A study of pseudo 1-D copper(I) halide systems exhibiting anomalous copper(II) character: Physical characterization of (paraquat)Cu₂X₄ (X = Cl, Br, I)

The salts (paraquat)Cu₂X₄ (X = Cl, Br, I) have been synthesized and their crystal structures determined. The chloride salt is tetragonal, space group P4₂/n, a = 16.352(2), c = 5.911(2) Å, V = 1580.7(6) ų, D_x = 1.87 g cm^-3, Z = 4 and R = 0.0546. The bromide analog is monoclinic, space group P2₁/n, a = 8.715(6), b = 11.103(6), c = 13.386(7) Å, β = 98.02(4)°, V = 1666(1) ų, D_x = 2.52 g cm^-3, Z = 4 and R = 0.0680. The iodide salt is tetragonal, space group P4₂2₁2, a = 12.416(2), c = 6.544(3) Å, V = 1008.8(5) ų, D_x = 2.70 g cm^-3, Z = 2 and R = 0.0995. Infinite chains of distorted, edge sharing, Cu(I)X₄ ^3- tetrahedra are common to all three structures. The bond distances and angles about the copper centers are consistent with known Cu(I)X₄ ^3- species.

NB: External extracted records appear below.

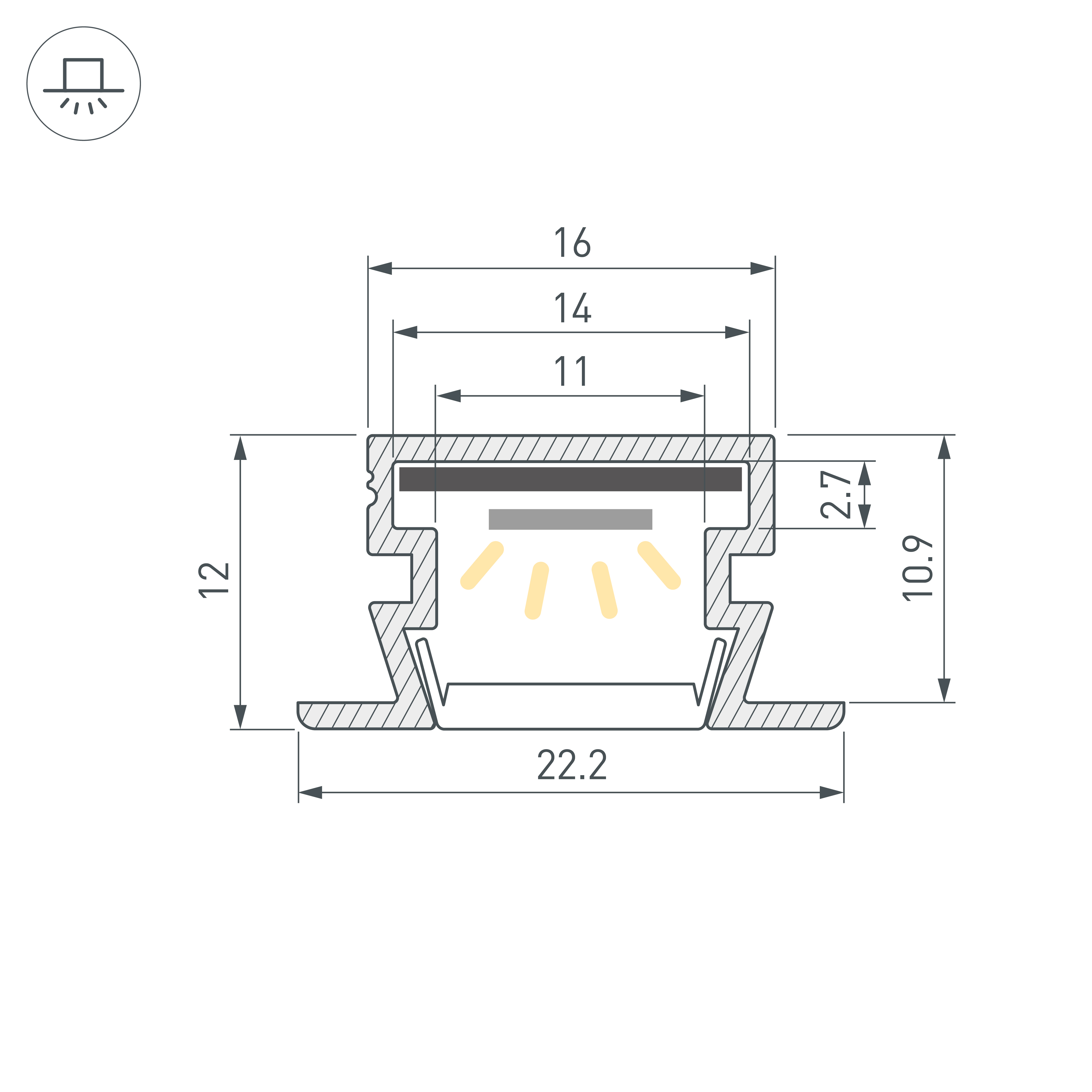 Габаритные размеры профиля составляют 2000 мм в длину, 22,2 мм в ширину и 12 мм в высоту. Площадка для установки светодиодных лент позволяет использовать ленту шириной до 14 мм и мощностью до 16,4 Вт/м. Это обеспечивает гибкость в выборе светодиодных лент и создает потрясающие световые решения.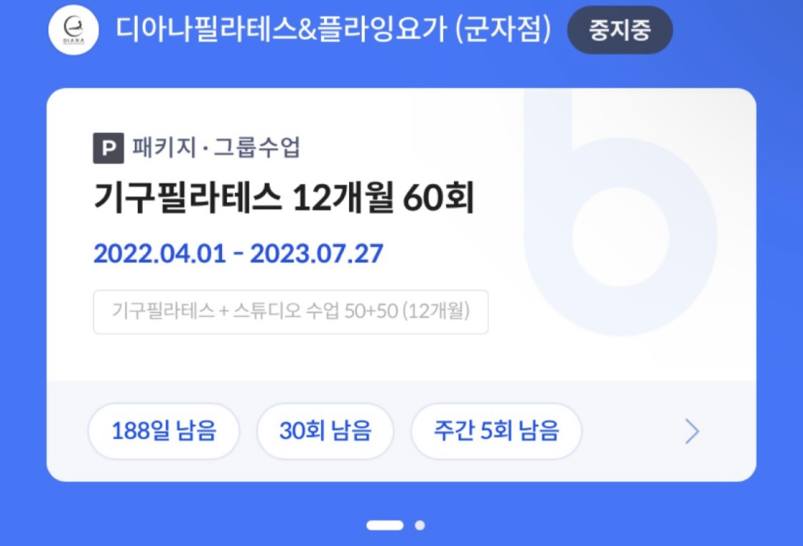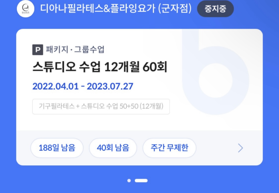 디아나 필라테스요가 군자점 기구필라테스30회+스튜디오수업40회 양도해요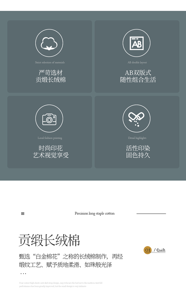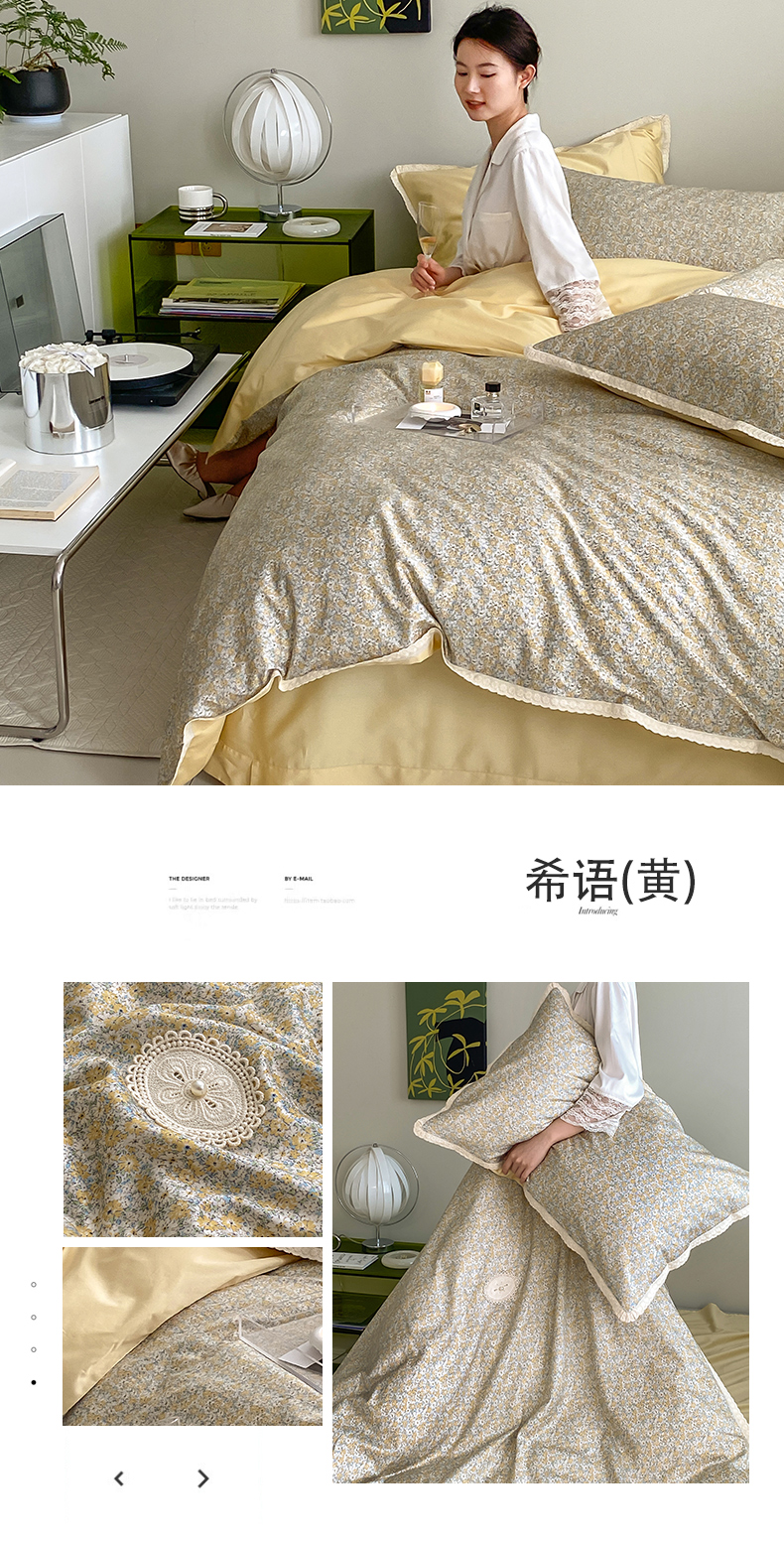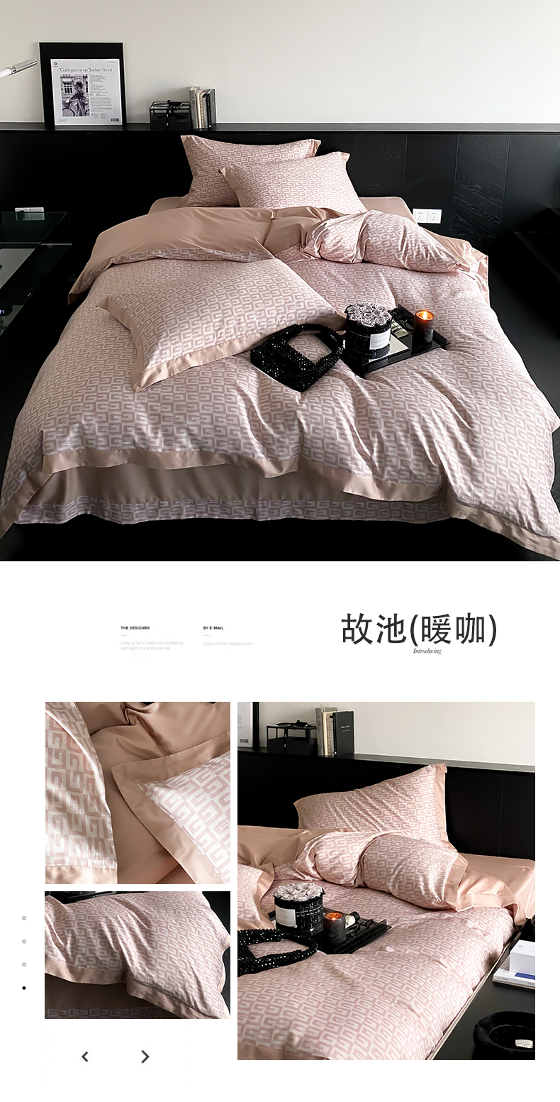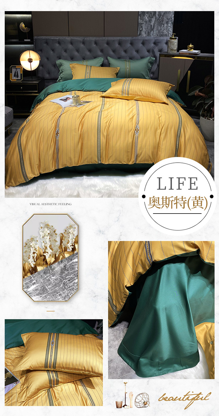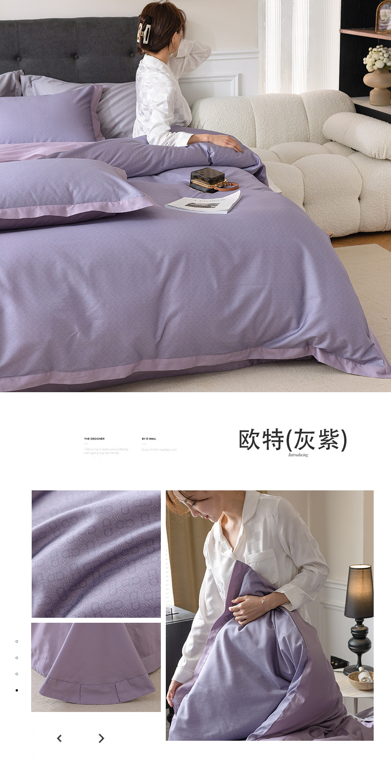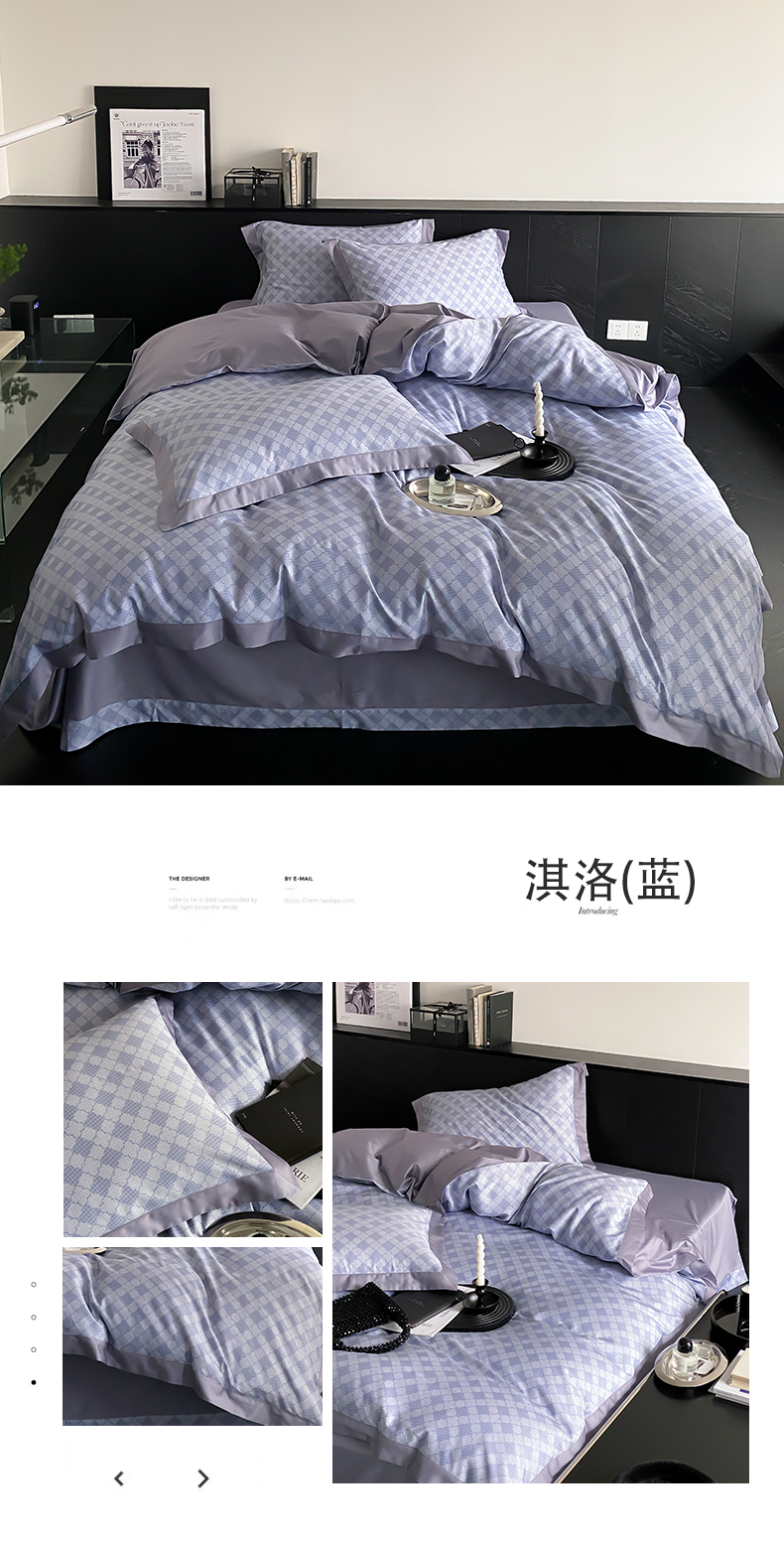 自然醒60支贡缎新疆长绒棉轻奢印花四件套居家床单被套纯棉套件床品KY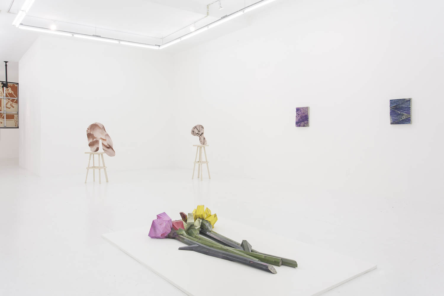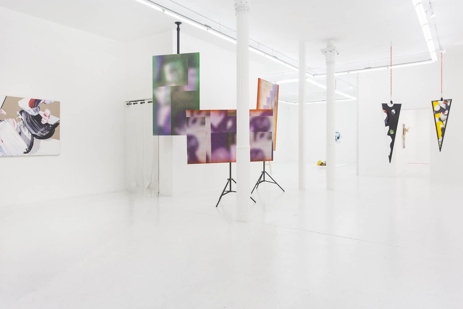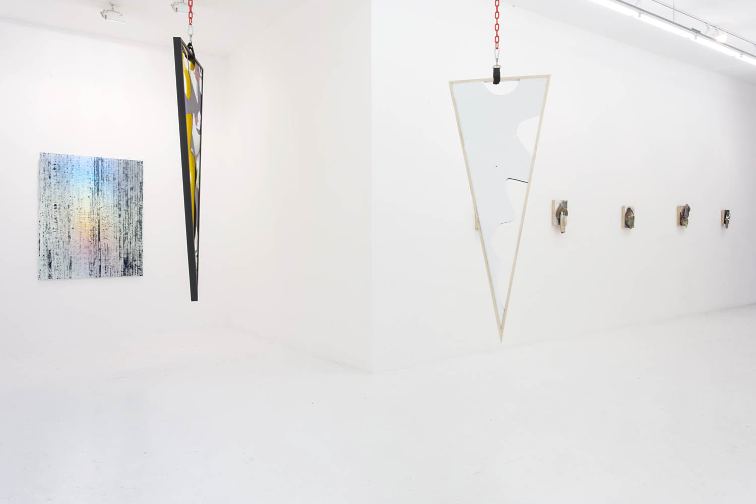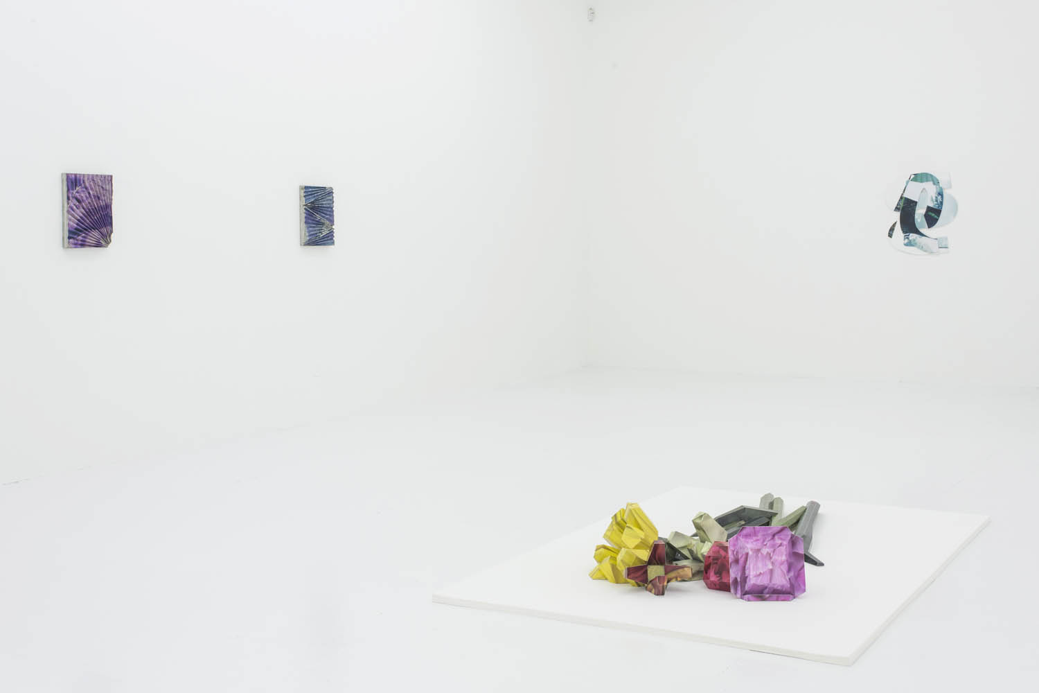 Some artworks in the exhibition more literally blend photography and painting, as in the work of Wil Murray and Matthew Stone. Wil uses multiple darkroom tactics to bring emulsion photography into a sculptural form, sending paint marks on a long journey that ends as hand-colored fibre-based prints, acrylic paint, masonite and wood. Matthew Stone also uses photographic processes to look at painting as a genre: Matthew paints on glass, 3D scans the topography of the stroke, 3D composes the painting in digital space like a sculptor, and outputs the work onto plexi and linen.
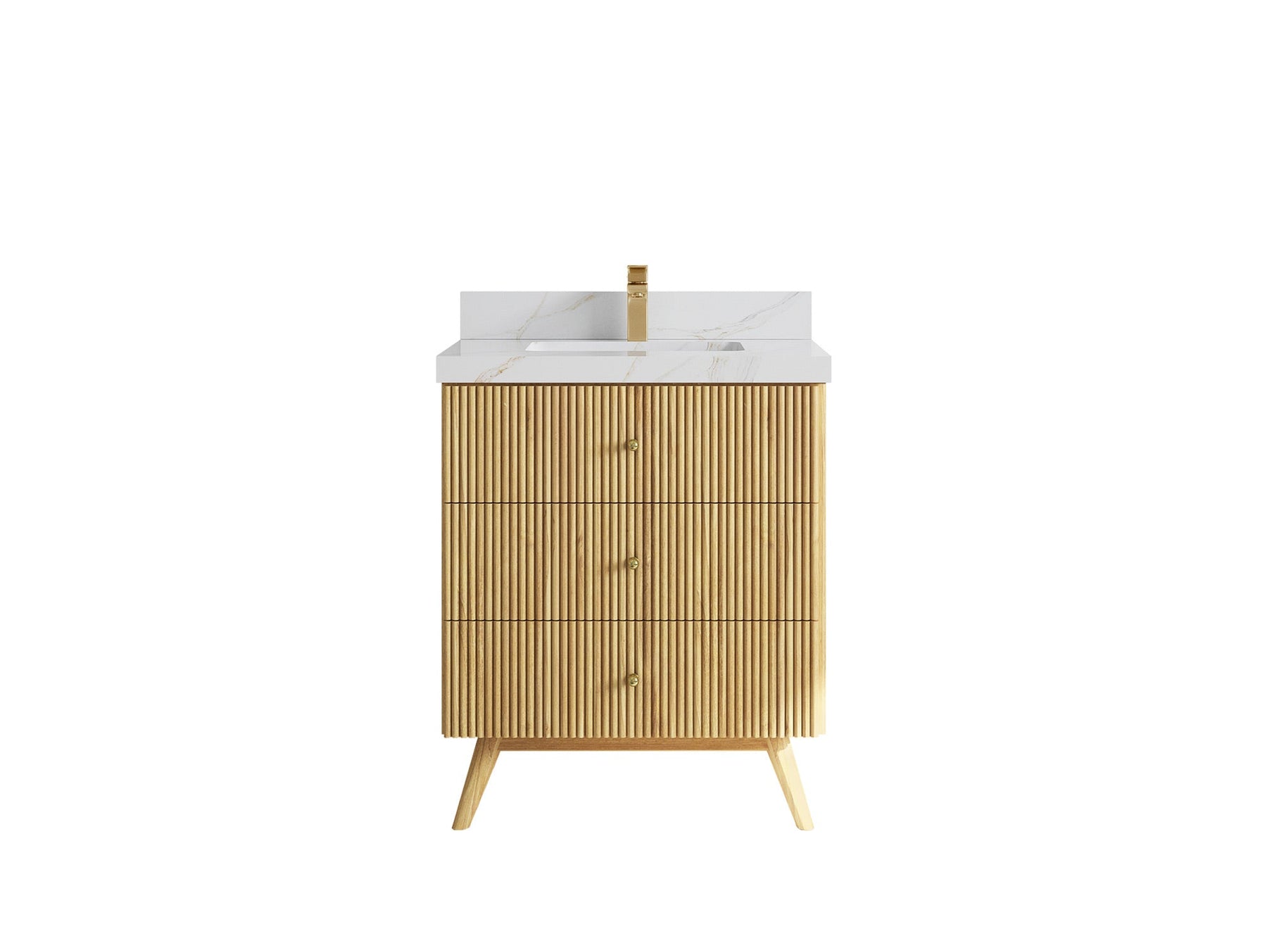 Pasadena Teak Wood 30 in. W x 22 in. D Single Sink Bathroom Vanity | Light Natural Teak

The paraquat cations form stacks parallel to the chain axis, and all three structures show weak N⋯X and C⋯X contacts. The chloride and iodide salts are nearly isostructural, and differential scanning calorimetry shows a phase transition in the chloride salt at 188 °C. The iodide salt is a pure copper(I) system. A temperature dependent magnetic susceptibility experiment shows the bromide salt to contain a 2% Cu₂Br₆ ^2- impurity. Two chloride compounds showing the same structure have been synthesized. One of these salts has 1% copper(II) character, while the other has 10% copper(II) character. EPR shows the 1% character to be a CuCl₂ · 2H₂O impurity. Magnetic susceptibility, EPR, powder diffraction and electrical conductivity results show that the 10% copper(II) character is incorporated into the [CuCl₂]_∞ chain structure, with an accompanying vacancy. Preliminary conductivity measurements show that the Cl and I salts are insulators, but hint at enhanced conductivity for the bromide analog.